5 Back Pain Prevention Exercises You Can Do Anywhere

Lauren Wood LAUREN WOOD

In the modern world, we spend the majority of our working day sitting at our desks. Sitting still is often unavoidable, but back pain doesn’t have to be. 

We get told so often that it’s bad for us to sit down for prolonged periods, and sure enough, we can feel the consequences with the occasional ache and twinge in the back. 

However, there are exercises you can do to protect against these twinges and pains. Check it out.

Why do you need back exercises?

When you’re sat down for a long time, you’re not using the muscles in your posterior chain, aka your hamstrings, butt, and back.  
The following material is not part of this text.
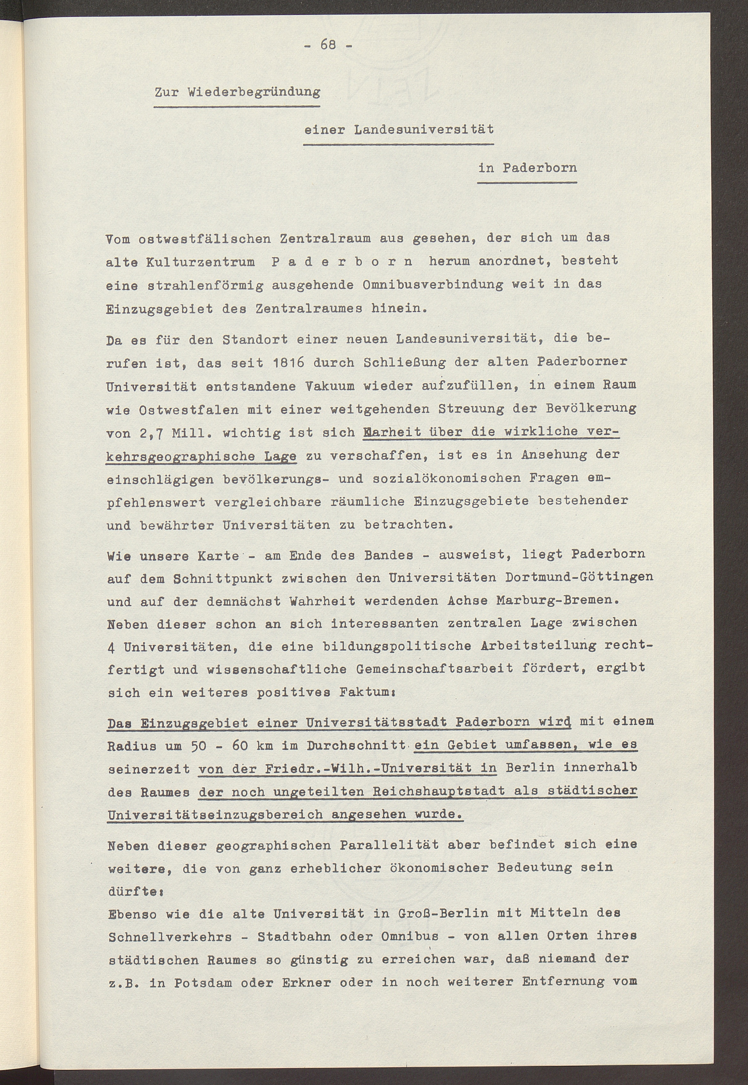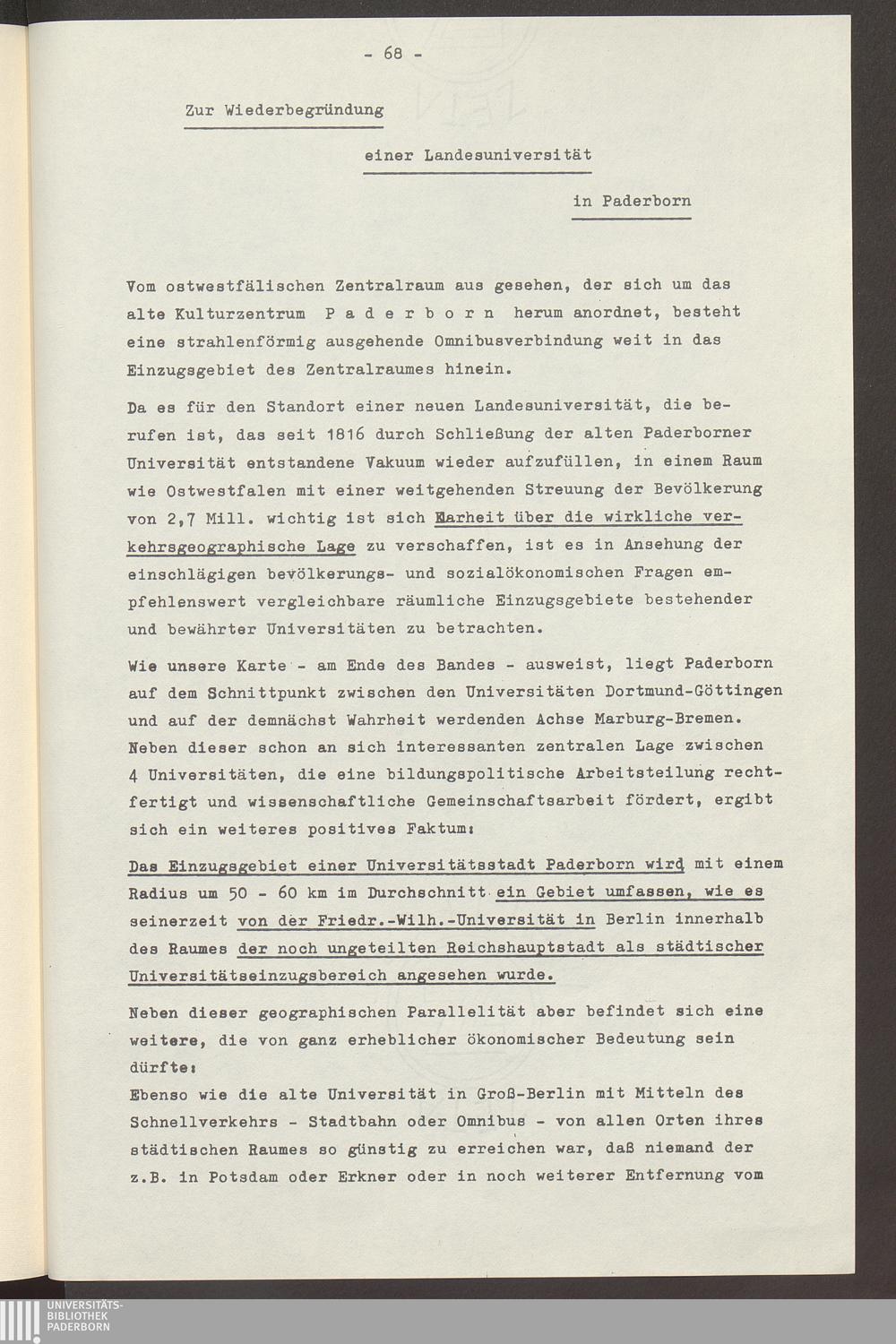 Ostwestfalens Leistungsentfaltung und Wiederbegründung seiner Universität in Paderborn : eine landespolitische Aufgabe
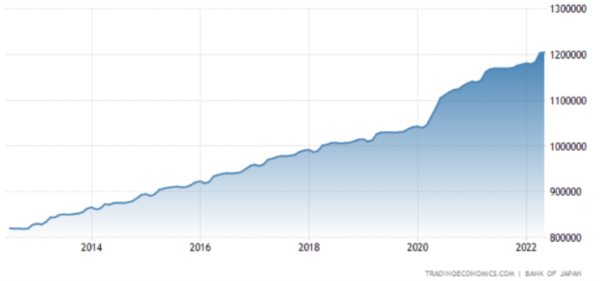 从上图可以看出,2022年初日本货币发行量明显抬升。这既是日本自1985年以来惯常执行的量化宽松政策的历史延续,也是安倍经济学的一贯方法,更是社会危机导致的必然结果。

It’s very much a case of ‘use it or lose it’. According to a 2015 study, sitting and leading a sedentary lifestyle can really weaken these muscles and even reduce your bone density. If they’re weakened, your body becomes imbalanced and you start to feel muscle knots and pains as you try to compensate. 

We’re going to help you start using those muscles again, and strengthen your back so you’re less likely to suffer from muscle weaknesses when you’re sat down.  

Let’s get started!

1. Bridges

One muscle group that gets seriously affected by hours sitting at a desk is the gluteus maximus aka- your butt. Luckily the bridge is here to help. What’s more, by strengthening your glutes, they can help to shore up your lower back too.

  • Lie on your back with your feet flat on the floor, around hip-width apart
  • Keep your arms by your sides and push your hips up until your body is a straight line from your shoulders to your knees
  • At the top of the movement, squeeze your glutes
  • Slowly return your buttocks to the floor before beginning your next rep

2. Superman

Activating your posterior chain after a long day of sitting is essential to maintaining good back strength. The superman is a bodyweight movement that works everything from your hamstrings to your upper back

  • Lie on your front with your legs straight behind you and your arms out in front of you
  • Keeping both your arms and legs straight, raise your arms and shoulders and feet and knees off the floor, flexing the back and butt muscles. You kinda look like superman right now!
  • Hold that position for a couple of seconds, then return your hands and feet to the floor in a controlled motion

3. Knee Rolls

This exercise will loosen off your lower back muscles, increasing your range of flexibility and stretching out any problem areas. On top of that, it should help to strengthen your core, making for a more stable back. 

  • Lie on your back with your knees bent and your feet flat on the floor
  • Put your arms out to the sides so you’re lying in a T shape
  • Keeping your shoulders as flat on the ground as possible and your feet in the same spot, roll your knees to one side as far as they can go, or until they rest on the ground
  • Using your core strength, raise your legs back to the starting position, before dropping them to the other side

4. Lying Lateral Leg Lifts

This is more than just a mouthful. Often the outer muscles on your glutes go unloved in a workout, but not with the lying lateral leg lifts. By drilling this movement, you can create a more stable pelvis, which can reduce strain on the back.

  • Lie on your side with your legs straight and together
  • Bend the lower leg slightly
  • Tighten your abs to engage the core and raise the top leg up until it’s at about 45 degrees. Remember to keep it straight throughout the movement
  • Hold it in position, before returning it slowly to the other leg
  • When you’ve finished your reps roll on to the other side to work the other leg

5. Cat Stretches

This is one of the most satisfying stretches you can do. By completely elongating the back you can take the tension off the spine, whilst strengthening and stretching the muscles that support it.

  • Begin on all fours with your hands and knees around hip-width apart
  • Start to arch the back, imagining you’re pressing your back up to the ceiling, whilst pulling the belly button in towards the spine
  • Hold this position for a few seconds, before relaxing the muscles, returning your back to a flat position

With these pain-preventing, back-strengthening movements, you should be able to keep any twinges and aches at bay for longer. 

These movements are simple and don’t require any equipment, so you can do them at home after a long day sitting in front of a screen. Or, if you’re really in need of a rejuvenating stretch, find a quiet corner in the office and unlock those tense muscles whenever you need. 

Aim to perform them two or three times a week to start building strength in your back.